The FBI is investigating whether Syed Rizwan Farook and the former neighbor who bought the guns used in a deadly shooting intended to commit an act of terror in about 2012 and then got spooked, a senior law enforcement official said Wednesday.

The FBI is investigating whether Syed Rizwan Farook and the former neighbor who bought the guns used in a deadly shooting intended to commit an act of terror in about 2012 and then got spooked, a senior law enforcement official said Wednesday.

The two men might have been disrupted when the FBI arrested several men in late 2012 for a separate plot to kill Americans in Afghanistan.

Farook and his wife - who killed 14 people in San Bernardino, Calif., last week - were discussing jihad at least two years before they opened fire, FBI Director James Comey said Wednesday in addition to the comments of the official, who spoke on the condition of anonymity because details of the case remain secret.

The husband-and-wife duo "were radicalized for quite a long time before their attack," Comey reiterated during an appearance on Capitol Hill in front of the Senate Judiciary Committee. This follows earlier statements by investigators that both shooters had been adherents to a radical strain of Islam long before the massacre.

Farook, a 28-year-old county health inspector, and his Pakistani wife, Tashfeen Malik, 29, had begun communicating online, Comey said. It was during these communications that they began discussing jihadist thoughts, long before Malik traveled to the United States and they got married.

"And online . . . as early as the end as 2013, they were talking to each other about jihad and martyrdom before they became engaged and then married and lived together in the United States," Comey said during his testimony.

This radicalization appears to predate the rise of the Islamic State, the terrorist group that in 2014 formally declared a caliphate in parts of Iraq and Syria.

Comey said investigators believe the attackers were "inspired by foreign terrorist organizations."

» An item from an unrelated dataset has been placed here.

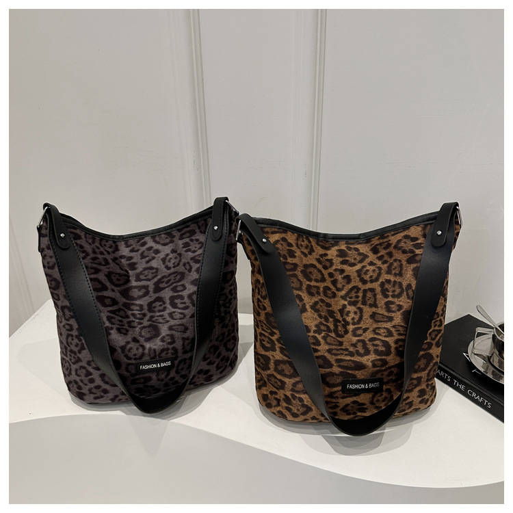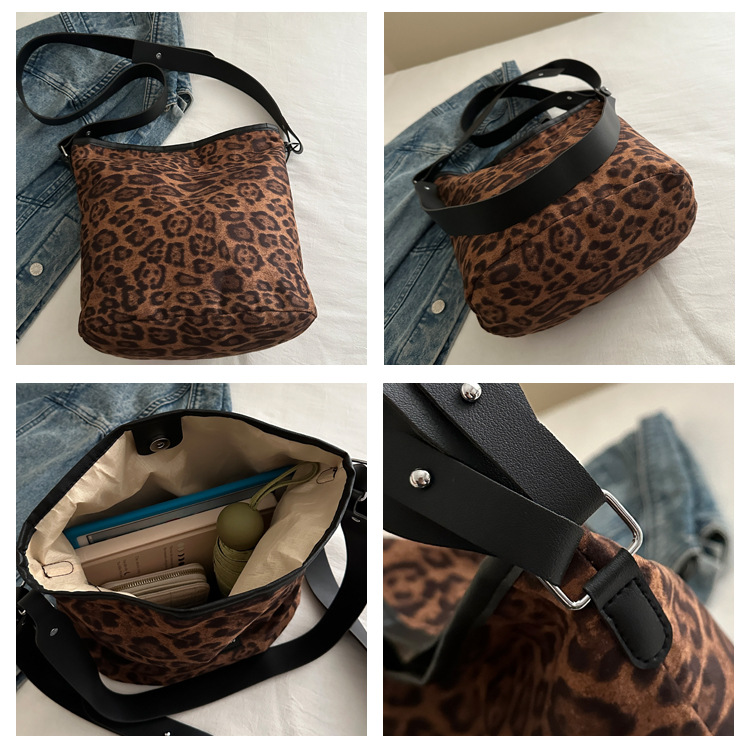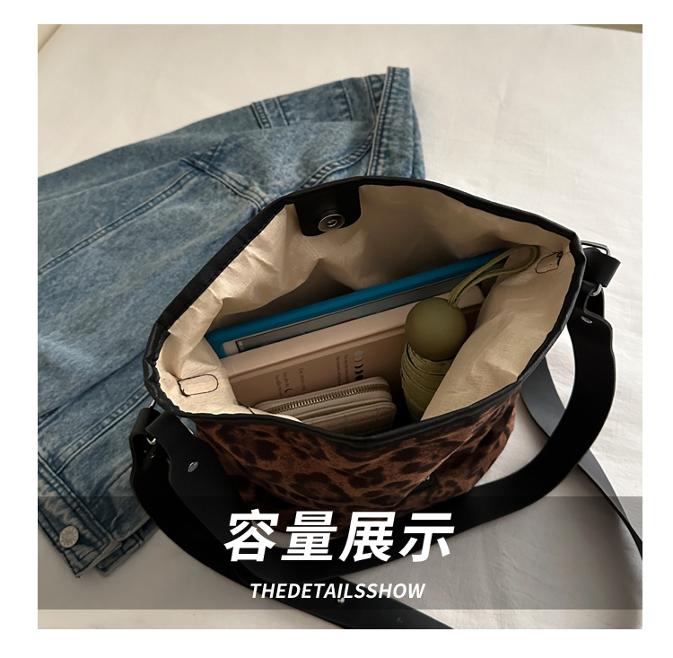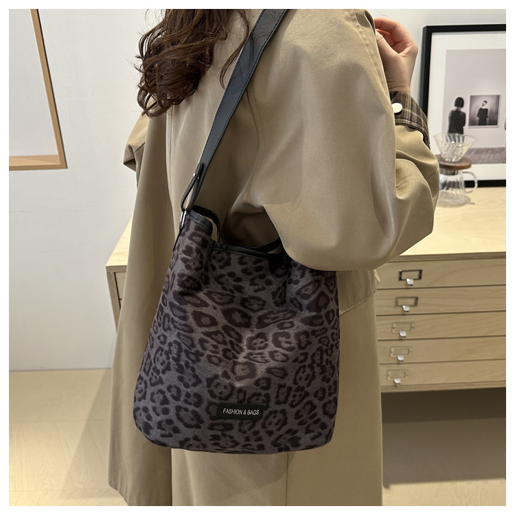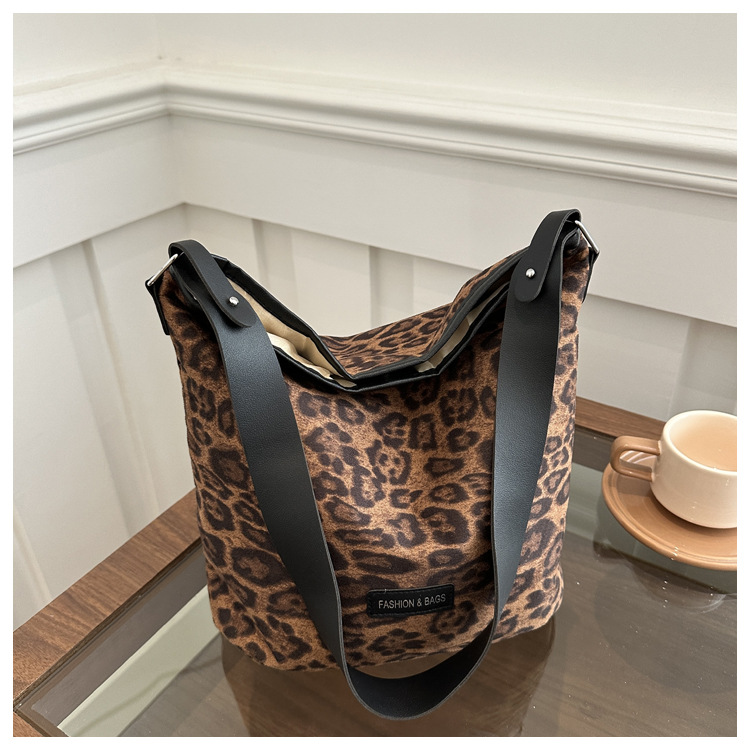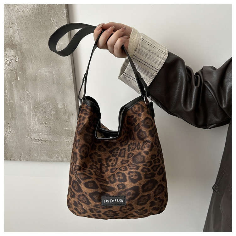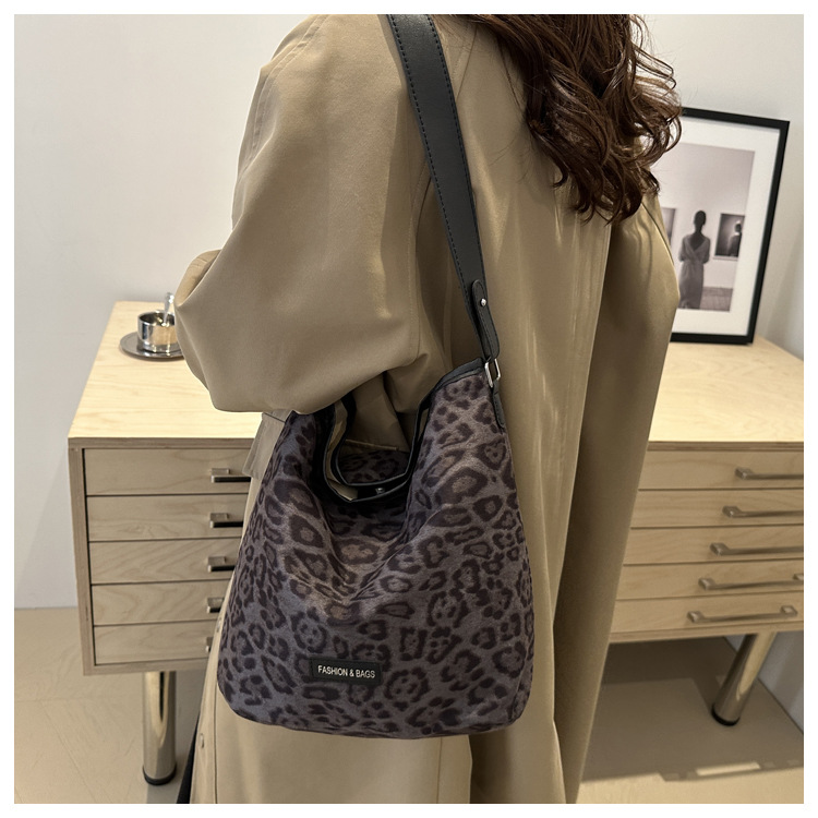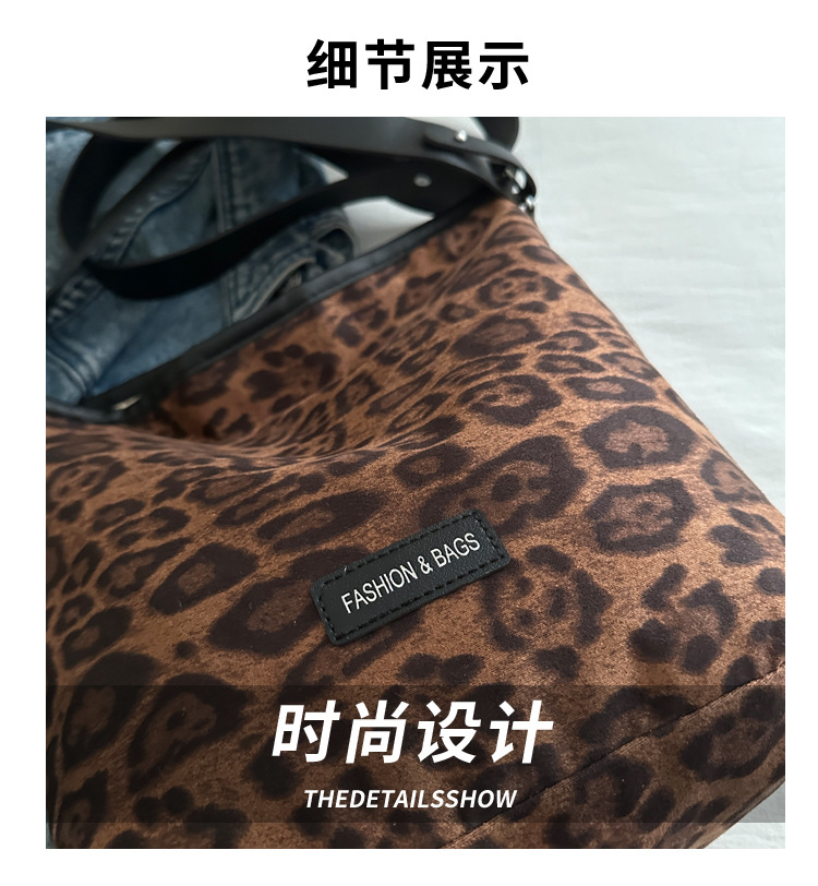 Bolsa de estilo retro para mujeres 2024 nueva moda de invierno impresa de leopardo de gran capacidad para trabajar bolso de hombro
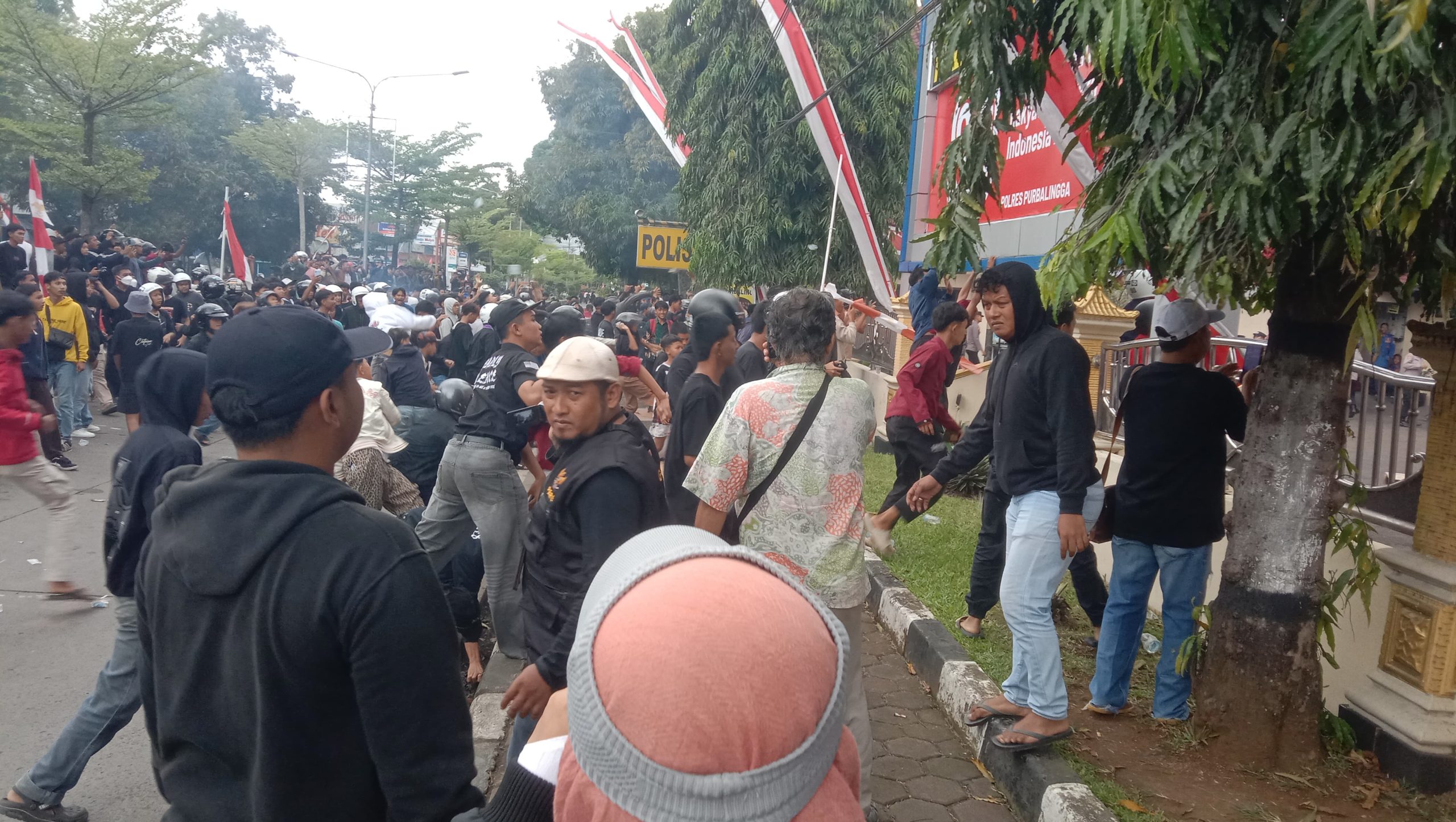 Ratusan massa yang didominasi anak SMP, SMA dan Mahasiswa lari tunggang langgang disaat melakukan aksi di depan Polres purbalingga yang berada di jalan Mayjen Sungkono. gas air mata terpaksa dilepaskan anggota Kepolisian disaat keadaan sudah kian memanas, setelah pendemo melemparkan botol air mineral dan juga batu ke arah aparat.

"We're working very hard to understand exactly their association and the source of their inspiration," he said. "We're also working very hard to understand whether there was anybody else involved with assisting them, with supporting them, with equipping them."

When asked by Sen. Lindsey Graham (R., S.C.), a presidential candidate, if the marriage between Malik and Farook was arranged by a terrorist organization, Comey said he did not know.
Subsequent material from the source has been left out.